Por mais que essa teoria dos três gêneros, categorias ou arquiformas literárias tenha
sido combatida, ela se mantém, em essência, inabalada. Ela é deliberadamente
artificial, até certo ponto, por conta de toda a conceituação científica. E
estabelece um esquema a que a realidade literária multiforme, na sua grande
variedade histórica, nem sempre corresponde. Mas essa teoria não deve ser entendida
como um sistema de normas para os autores seguir a fim de produzir obras líricas,
épicas ou dramáticas puras, uma vez que, na literatura, a pureza não é
necessariamente positiva. Além disso, não existe pureza de gêneros em sentido
absoluto.
Ainda assim, a classificação de obras literárias por gêneros parece indispensável, por
conta da necessidade de toda ciência de lidar ordenadamente com os fenômenos. Há
ainda razões mais profundas: o modo em que o mundo imaginário é comunicado
pressupõe certa atitude ao encarar esse mundo, ou, indo em contrariedade, a atitude é
expressa em certa maneira de comunicar. Nos gêneros há vários tipos de
imaginação e de atitudes em face do mundo.

b) Significado substantivo dos gêneros


A teoria dos gêneros é complicada pelo fato de os termos lírico, épico e
dramático serem empregados em dois sentidos diferentes. A primeira acepção,
associada a estrutura dos gêneros, poderia ser chamada de “substantiva” (“A Lírica”, A
Épica”, e O Dramático).

Na Lírica fica todo o poema de extensão menor, pois nele não se cristalizaram
personagens nítidos, ao invés disso, uma voz central (quase sempre um “Eu”)
exprime seu próprio estado de alma.

Fará parte da Épica toda obra (poema ou não) de extensão maior, em que
narrador apresenta personagens envolvidos em situações e eventos.

Pertencerá a Dramática toda obra dialogada em que atuarem os próprios


personagens sem serem, em geral, apresentados por um narrador.

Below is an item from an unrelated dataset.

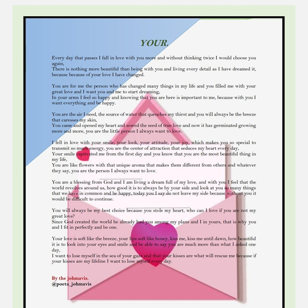 You, it is a letter that is dedicated to her and also to him, it is a letter that has no gender and can be dedicated to either of them. It is a beautiful letter that is in PDF and consists of a single sheet, but with a powerful and beautiful message to dedicate to that special person, and solprende to that little person we love so much, it is a letter that you can send with some kind of gifts, details, as you wish. Take advantage and solprende with this beautiful message of this letter. You don't have to wait for special dates to tell him how much you love him.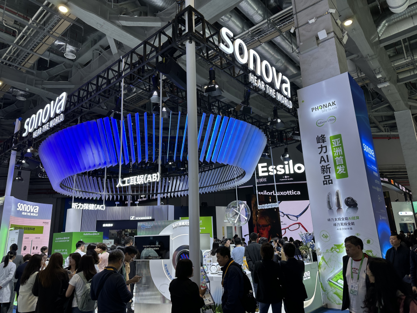 索诺瓦展台亚洲首发的峰力AI新品 图片来源:财联社记者摄

Notamos que se trata de um poema lírico (Lírica) quando uma voz central sente um
estado de alma e o traduz por meio de um discurso mais ou menos rítmo. Fazem
parte desse gênero, por exemplo, o canto, a ode, o hino, a elegia.

Se nos é contado uma história em versos ou prosa, sabemos que se trata de


Épica. Fazem parte desse gênero a epopéia, o romance, a novela o conto.

Se o texto se constituir principalmente de diálogos e se destinar a ser levado à cena


por pessoas disfarçadas que atuam por meio de gestos e discursos no palco,
sabemos que estamos diante de uma obra dramática (a Dramática). Nesse gênero
há, por exemplo, a tragédia, a comédia, a tragicomédia, a farsa, etc.

Dúvidas diante de certos poemas, como as baladas, muitas vezes dialogadas e de


cunho narrativo, só servem para confirmar que todas as classificações são
artificiais.
c) Significado adjetivo dos gêneros
A segunda acepção dos termos lírico, épico e dramático, de cunho adjetivo,
refere-se a traços estilísticos que uma obra pode ser imbuída em maior ou menor
grau, independente de seu gênero (no sentido substantivo).
Assim, certas peças de Garcia Lorca, que, como peças, pertencem à Dramática,
possuem cunho acentuadamente lírico (traço estilístico).
Poderíamos falar, no caso, de um drama (substantivo) lírico (adjetivo). Um epigrama,
embora pertença à Lírica, raramente é lírico (traço estilístico), tendo geralmente certo
cunho dramático ou épico (traço estilístico).
Há inúmeras narrativas classificadas como Épica, mas que apresentam forte caráter
lírico (particularmente da fase romântica) e outras de forte caráter dramático (novelas
de Kleist).

Costuma-se haver uma aproximação entre gênero e traço estilístico: o drama


tenderá ao dramático, o poema lírico ao lírico e a Épica (epopéia, novela e
romance) ao épico, mas, no fundo, toda obra literária vai conter traços estilísticos
do gênero a que pertence e também de outros gêneros. Por exemplo, dificilmente
vai haver uma peça em que não contenha algum momento épico ou lírico.
Nessa segunda acepção os termos ganham grande amplitude, podendo ser aplicados
em situações extraliterárias. Pode-se falar de uma noite lírica, um banquete épico ou
um jogo de futebol dramático. Esses termos da teoria literária tornam-se nomes para
possibilidades fundamentais da existência humana.
O gênero revela certa tendência estilística, mostrando que a classificação por gêneros
implica maior significado do que se tende a admitir.